Forse lei cambia sempre e solo negli occhi di chi torna.


Durante questo viaggio ho sostato a lungo nei luoghi che preferisco e che includono Otranto, Gallipoli, Santa Cesarea Terme, Castro e Santa Maria di Leuca.

A Otranto ho passeggiato svariate volte intorno al castello Aragonese, ricalcato nuovamente il trekking che dalla cava di Bauxite porta al faro di Punta Palascìa con il mare su un fianco e le rocce sull'altro, corso nelle sue pinete, e girovagato di notte in contemplazione intorno al mitico monastero delle Clarisse, sulla collina degli 800 martiri decapitati dai Turchi nel 1480.

Mura del castello Aragonese di Otranto

Faro di punta Palascìa durante il trekking sulla costa

Bambini giocano con una barchetta - Otranto

A Santa Cesarea Terme io ci vado sempre da Nord, da Otranto, e data la conformazione della costa la vedo apparire e poi scomparire dietro le rocce per un lungo tratto, come un sogno che mi istiga ad illudermi più d'una volta, fino alla sua finale realizzazione, quando davanti a me appare chiarissima la Casa Smeraldo e il palazzo moresco, definendo uno dei rari momenti della vita in cui il sogno non cessa ma accompagna la vita sulla scia del corso Umberto I.

Allora proprio qui mi ritornano in mente le parole di Carmelo Bene

Ci sono cretini che hanno visto la Madonna e ci sono cretini che non hanno visto la Madonna. Io sono un cretino che la Madonna non l'ha vista mai - C.B.

il quale ha girato un film nel palazzo Sticchi di stile moresco.
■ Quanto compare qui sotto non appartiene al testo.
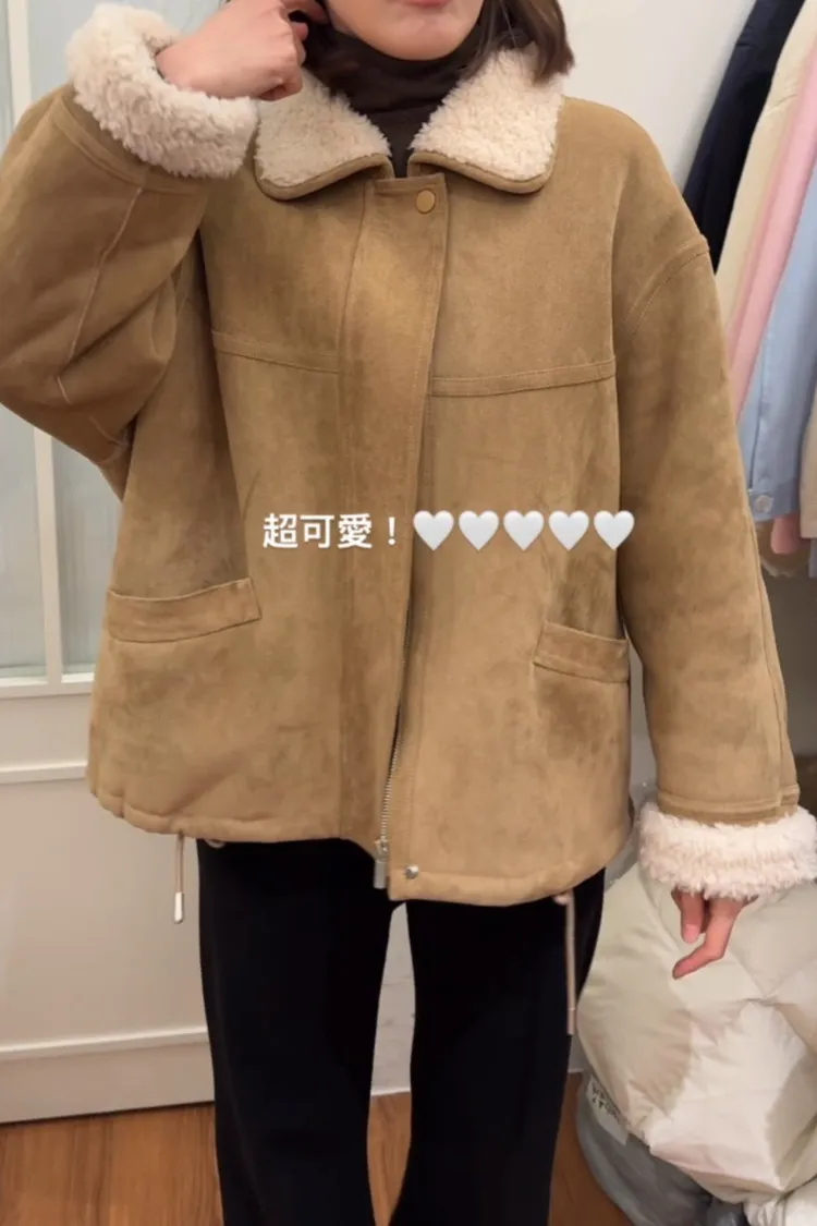 MM281-Jade market柔軟麂皮QQ毛領外套

Vestiti in vendita al mercato di Santa Maria Di Leuca

A Santa Maria di Leuca, la "Finibus Terrae", si resta sempre sbalorditi. Qui la strada finisce perché è il punto più a sud del Salento e non rimane che il riposo e quella sensazione di null'altro da fare che accompagna tutta la gente che vaga nei pressi del faro come chi si è appena svegliato. Perché a Santa Maria di Leuca si ha l'impressione di aver già fatto tutto nella vita, e che l'unica cosa rimasta da fare sia appoggiarsi al muretto per guardare il mare infinito, tutti insieme. Dietro c'è chi si attarda a comprare un souvenir ingiallito prima di unirsi a noi, giusto per ricordare la fine, e quando ci raggiunge ha subito l'impressione di aver attraversato la vita, e sente tutto ad un tratto l'intera saggezza dischiudersi giusto il tempo di un affaccio.

Santa Maria di Leuca - Finibus Terrae

Mentre scrivo è sera e mi arriva ai timpani la musica invadente del vicino, l'urlo del bambino che chiama un amico con un tono cresciuto in fretta, due scooter che attraversano la strada mentre i passeggeri si parlano a voce alta come se fossero seduti a un tavolo, e poi quando tutto sembra essersi placato ecco che è già mezzanotte e sparano i fuochi, e quando i fuochi finiscono un cane risponde con un abbaio, un solo abbaio, come a voler dire solo una cosa, e poi di nuovo silenzio e un fruscio di vento in attesa di altro chiasso che sta sicuramente per arrivare: è Gallipoli.